Department of Radiology, Seoul National University Hospital, Seoul, Republic of Korea.
Department of Radiology, Seoul National University College of Medicine, 103 Daehak-Ro, Jongno-Gu, Seoul, Republic of Korea, 03080.
Eur Radiol Exp. 2024 Mar 20;8(1):39. doi: 10.1186/s41747-024-00436-2.
We investigated the tumor suppression effect of an ultrasound-sensitive doxorubicin-loaded liposome-based nanoparticle, IMP301, to enhance the synergistic effect with focused ultrasound (FUS) in an animal model of pancreatic cancer.
Thirty nude mice with xenografts of PANC-1 human pancreatic cancer cells were randomly and prospectively allocated to 6 different groups (5 per group) each for Study-1 (dose-response test) and Study-2 (synergistic effect test). Study-1 consisted of control, gemcitabine, Doxil with FUS, and three different doses of IMP301 (2, 4, 6 mg/kg) with FUS groups. Study-2 consisted of control, FUS only, gemcitabine, Doxil with FUS, and IMP301 (4 mg/kg) with or without FUS groups. Differences in tumor volume and growth rate were evaluated by one-way ANOVA and Student-Newman-Keuls test.
In Study-1, 4 mg/kg or greater IMP301 with FUS groups showed lower tumor growth rates of 14 ± 4 mm/day (mean ± standard deviation) or less, compared to the control, gemcitabine, and Doxil with FUS groups with rates exceeding 28 ± 5 (p < 0.050). The addition of FUS in Study-2 decreased the tumor growth rate in the IMP301-treated groups from 36 ± 17 to 9 ± 6, which was lower than the control, FUS only, gemcitabine, and Doxil with FUS groups (p < 0.050).
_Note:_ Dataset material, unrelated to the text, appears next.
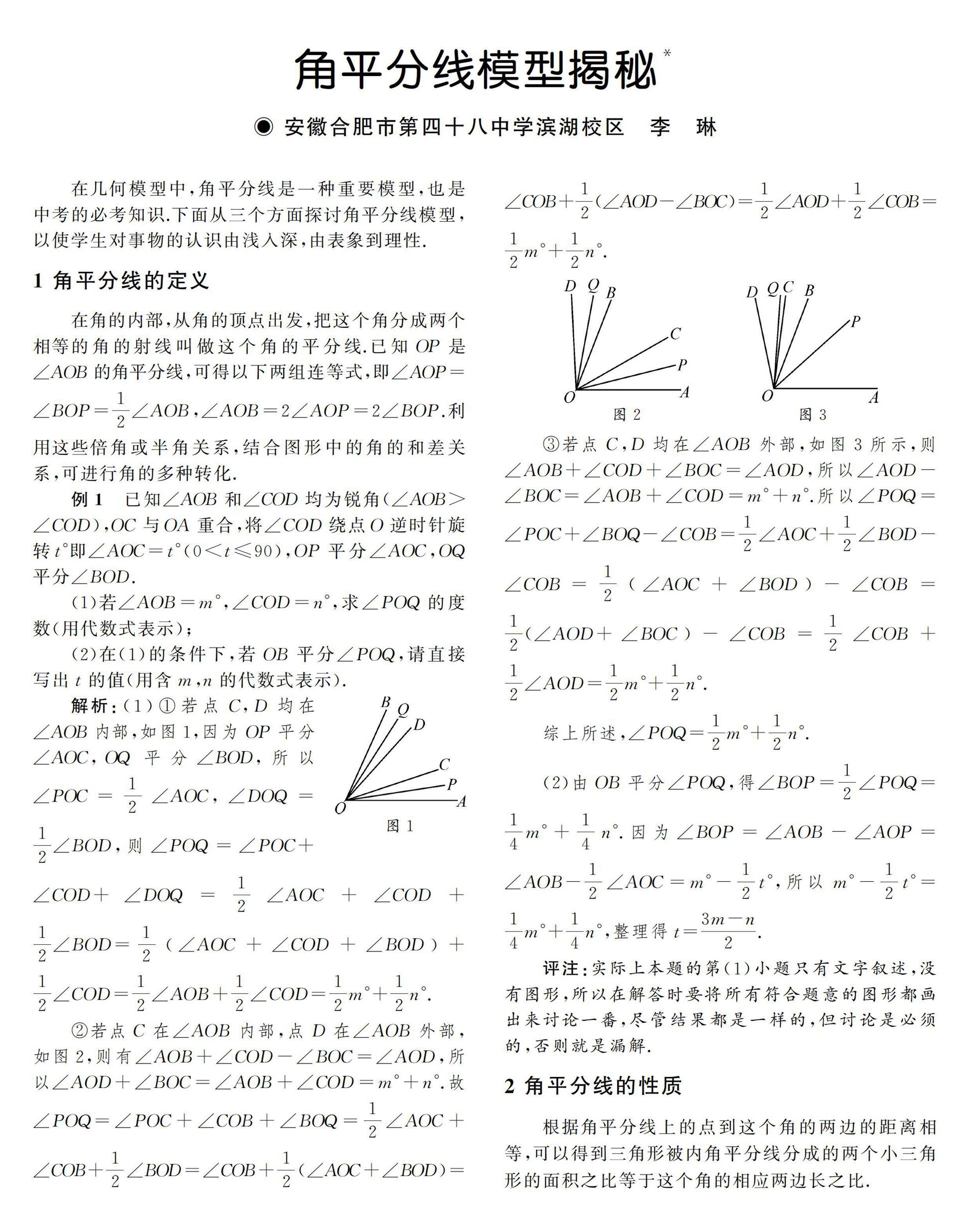 在几何模型中,角平分线是一种重要模型,也是中考的必考知识.下面从三个方面探讨角平分线模型,以使学生对事物的认识由浅入深,由表象到理性.

IMP301 combined with FUS exhibited higher tumor growth suppression compared to the use of a conventional drug alone or the combination with FUS. The present study showed the potential of IMP301 to enhance the synergistic effect with FUS for the treatment of pancreatic cancer.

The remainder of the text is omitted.